Congratulations! You’ve just been hired as an analytics scout for an NBA team. More good news, your team has the first overall pick in the upcoming draft. The team is turning to you and your statistical prowess to advise them on which prospect they should select.

You’ve been tasked with submitting a three page (< 1,500 words) report (plus relevant figures and code) on how you think your team should approach the draft using the information below.


The Data

Prospects data

Your predecessor has prepared two files for you. The prospects file contains college statistics for each of the prospects in this year’s draft. The variables included in this data file are:

Variable. Description.
name Prospect’s name
pos Position - Point Guard (PG), Shooting Guard (SG), Small Forward (SF), Power Forward (PF), Center (C)
school School
games Number of games played
mpg Minutes per game
pts Points per game
reb Rebounds per game
fgpercent Field goal percentage
thr_percent Three point percentage
ftpercent Free throw percentage



Players data

The players file contains the same information as prospects file (i.e. college stats) for each NBA player from this past season, as well as the their points per game (nba_ppg) and field goal percentage per game (nba_fgp) in the NBA.



Use the buttons below to download both datasets as CSV files:


The Assignment

Compile a three page report that addresses a series of objectives (see below). Your report should consist of a explanatory text as well as table and figures, and the R code you created for your analysis.

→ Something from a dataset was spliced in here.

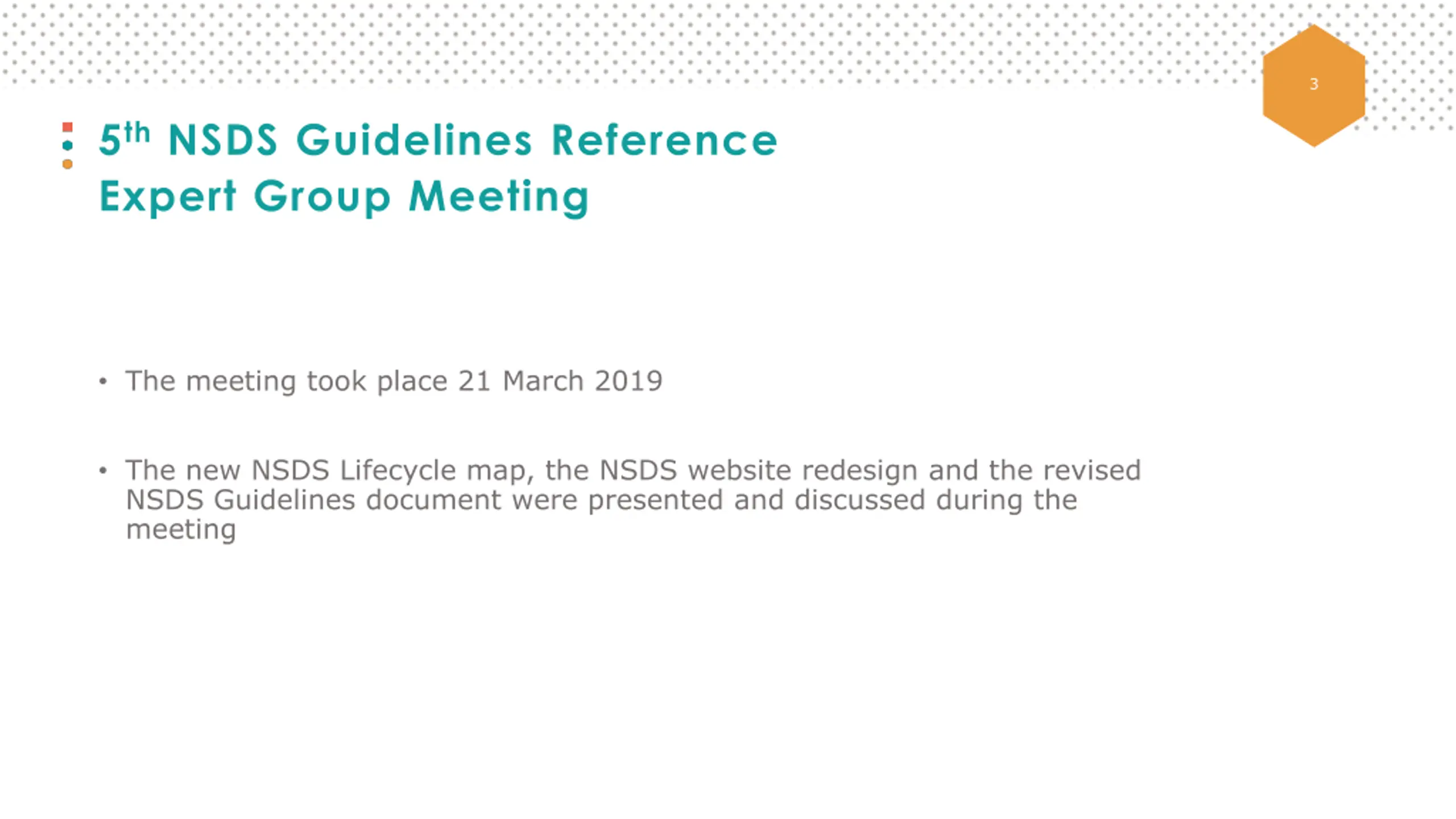 3 5th NSDS Guidelines Reference Expert Group Meeting The meeting took place 21 March 2019 The new NSDS Lifecycle map, the NSDS website redesign and the revised NSDS Guidelines document were presented and discussed during the meeting

This could be submitted either as a Word document and a R script, or in a comprehensive R Markdown file (this is the preferred method).

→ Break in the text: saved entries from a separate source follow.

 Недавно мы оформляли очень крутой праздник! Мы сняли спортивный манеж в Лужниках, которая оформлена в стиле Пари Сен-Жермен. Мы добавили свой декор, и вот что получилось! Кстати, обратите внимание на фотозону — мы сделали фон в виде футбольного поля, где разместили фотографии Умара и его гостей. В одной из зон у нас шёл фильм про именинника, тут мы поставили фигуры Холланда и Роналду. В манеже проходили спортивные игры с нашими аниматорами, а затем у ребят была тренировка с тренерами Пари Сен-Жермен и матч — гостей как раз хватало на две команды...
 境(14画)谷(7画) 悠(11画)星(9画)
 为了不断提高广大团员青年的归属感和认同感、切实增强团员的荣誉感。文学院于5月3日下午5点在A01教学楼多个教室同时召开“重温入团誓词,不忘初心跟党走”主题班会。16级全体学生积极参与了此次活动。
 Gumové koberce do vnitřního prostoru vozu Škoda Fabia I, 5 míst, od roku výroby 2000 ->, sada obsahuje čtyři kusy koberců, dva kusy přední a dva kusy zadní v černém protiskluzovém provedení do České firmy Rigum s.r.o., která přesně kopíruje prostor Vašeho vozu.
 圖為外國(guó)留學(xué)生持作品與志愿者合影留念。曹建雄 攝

Note: I should be able to reproduce all of your analyses and figures using the code you submit. This means that you should be commenting your code so that it is reproducible.

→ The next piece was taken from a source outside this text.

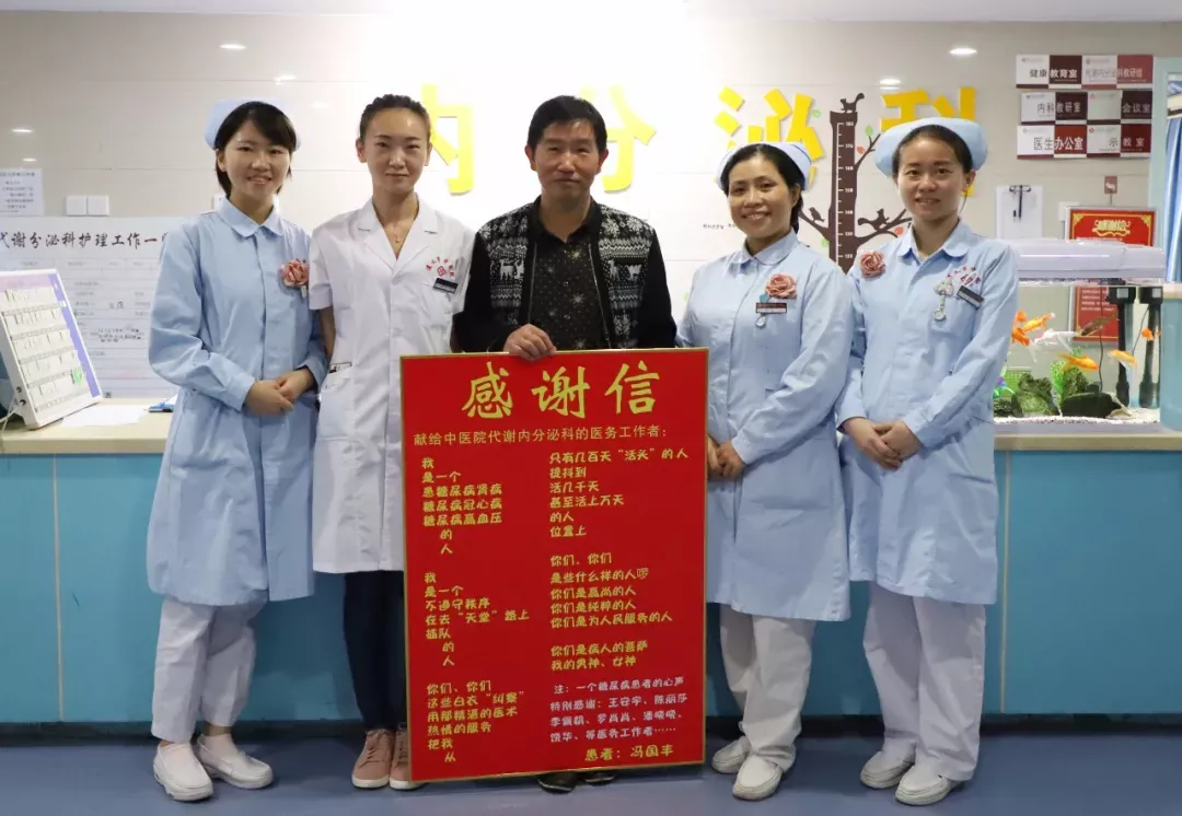 这是市中医院内分泌病科患者冯先生出院时献给他管床医生和全科医护人员的感谢信。“我真的很感谢他们,他们很热心、细心,也很耐心,让我很感动!科室里面氛围很好,很亲切,没有那种冰冷的感觉,像一家人。”

Objective 1: Data Validation

The previous analytics scout wasn’t known for their rigorous data keeping (which is why you’re here now). Before your start your analysis, be sure there aren’t any erroneous entries in either the prospects or players files. If there are outliers, be sure to remove them from the data and provide a rationale for why each outlier was removed.

Objective 2: Descriptive Analysis

Your general manager has asked you to provide a statistical summary of this year’s prospects. She hasn’t explicitly asked for specific comparisons, so it’s up to you to design the descriptive report using the prospects file. Maybe you want to compare positions, or find the top prospects in each statistical category. It’s up to you!

Remember that the front office is not full of stats people, so it’s best to rely on graphs whenever possible.

Objective 3: Linear Regression

The team’s coach is an old-school guy. He thinks if you want to know how many points per game a prospect will score in the NBA, all you need is how many points they scored in college. Your general manager believes that it’s important to included additional information.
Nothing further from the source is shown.